I have two unidimensional functions, $x^a$ ans $x^b$, with $a>0$ and $b>0$, with the sole difference than one is more concave than the other ($a \neq b$). Is there an inequality/theorem relating the average of these two functions, stating that one average is greater than the other?
My actual problem is in the following graph:
Since $1>\alpha>0$, $f_{L}$ is convex, and $f_{Y}$ is less convex. The latter can even be linear ($\alpha=0.5$) or concave ($\alpha<0.5$).
I am looking for an inequality/theorem which proves that the average of the same two points projected into the functions (the y-axis level where $p$ crosses the red lines) are systematically different. In particular, that $\bar{f_{L}}>\bar{f_{Y}}$, as the graph shows.
I have searched for this inequality, but I cannot see one.

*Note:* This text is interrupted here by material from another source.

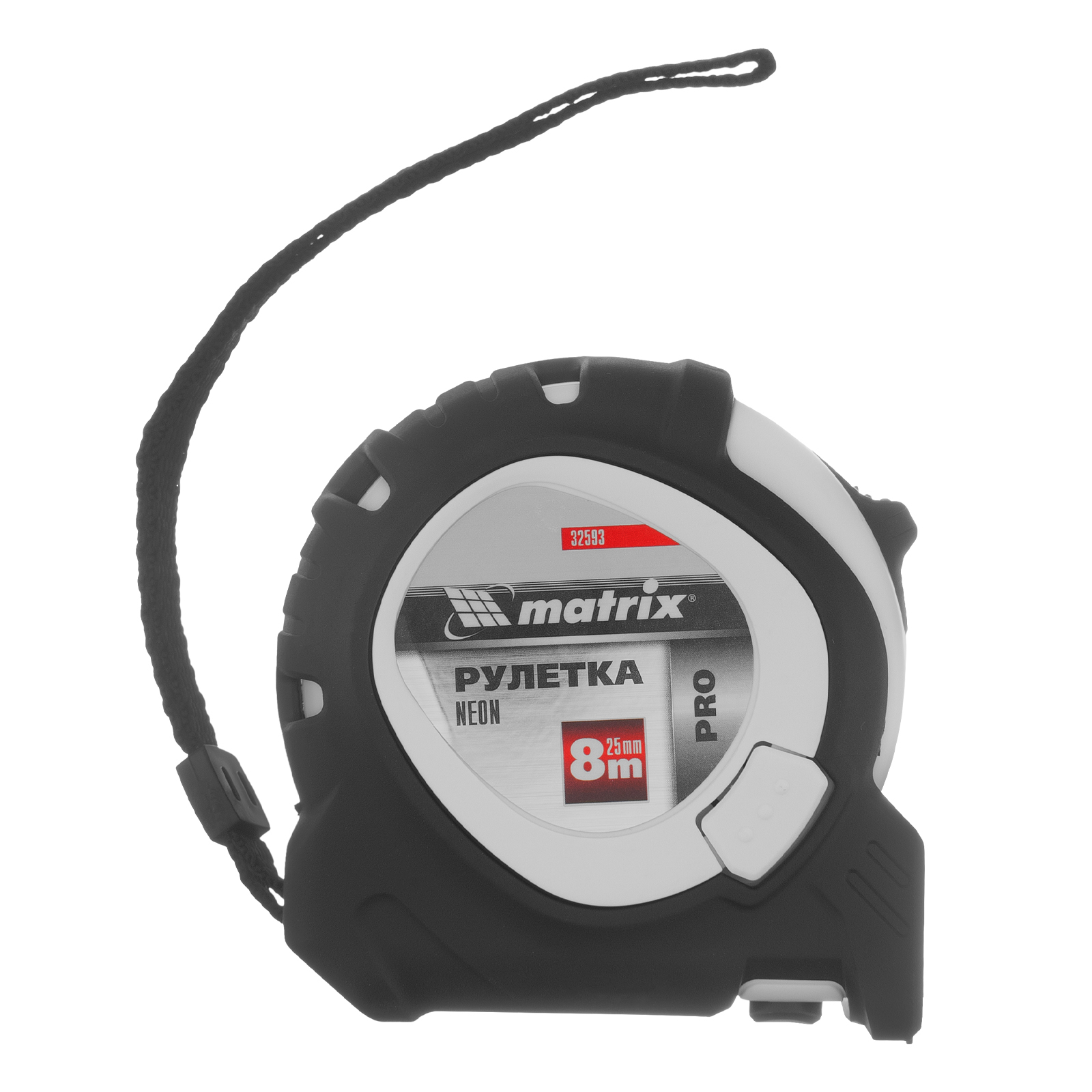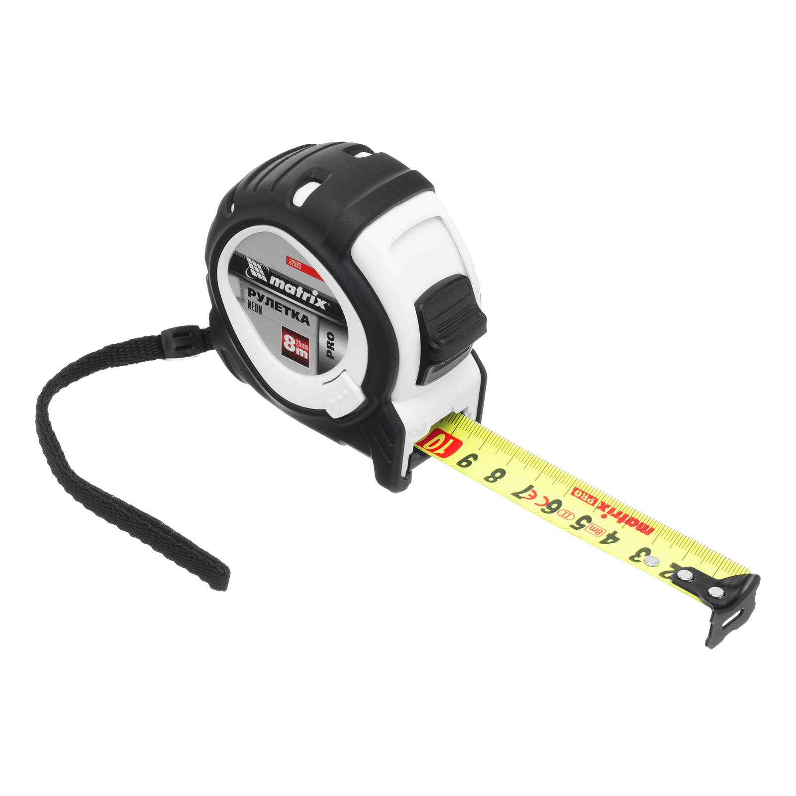Рулетка Neon,8 м x 25 мм,обрезиненный корпус,3 фиксации,Pro Matrix

One inequality that can be derived is $\bar{f_{L}}^\alpha \ge \bar{f_{Y}}\,$, which follows from the generalized mean inequality. Better bounds will likely require additional information on the values and ranges.

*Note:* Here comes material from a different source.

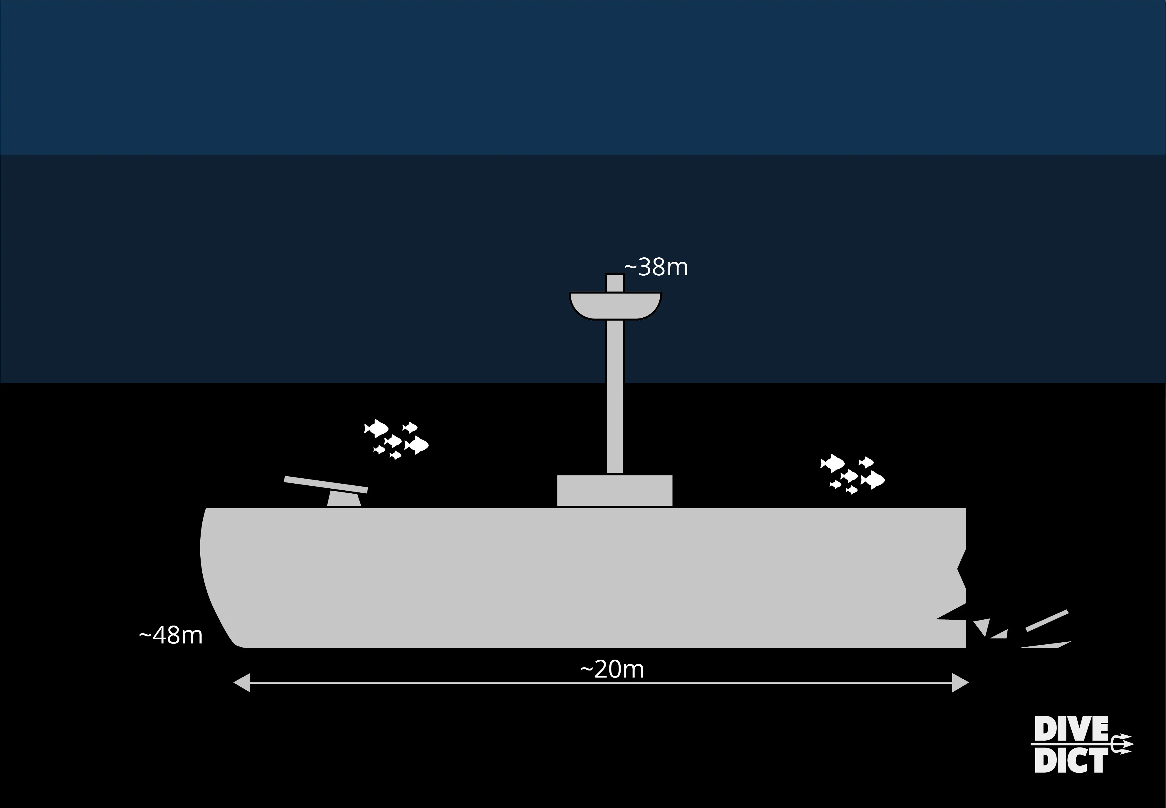 Jeder taucht zuerst um die Kanone herum, weil man sich dort ein bisschen wie auf einer Zeitreise fühlt. Sie ist noch völlig intakt und sieht aus, als würde sie gleich anfangen, Munition (102 mm) zu spuken. Wirklich beeindruckend, wie sie die Zeit überdauert hat.

[ EDIT ] For the particular case shown in the figure, the stronger inequality $\bar{f_{L}} \gt \bar{f_{Y}}\,$ holds true. Let $q=\frac{\Delta}{p} \in (0,1)$ and $a=\frac{\alpha}{1-\alpha} \gt 0$ so that $\frac{1}{1-\alpha}=a+1$. Then:
$$ \require{cancel} \begin{align} 2\,(\bar{f_{L}} - \bar{f_{Y}}) & = \left((1-q)^{a+1}+(1+q)^{a+1}-(1-q)^{a}-(1+q)^{a}\right) \\ & = \left((1-q)^a(\bcancel{1}-q-\bcancel{1}) + (1+q)^a(\bcancel{1}+q-\bcancel{1})\right) \\ & = q \left((1+q)^a-(1-q)^a\right) \\ & \gt 0 \end{align} $$
The latter inequality follows from the monotonicity in $x$ of $x^a$ for $x,a \gt 0\,$. The above does not use convexity arguments, so it holds for $\alpha \le 0.5$ as well.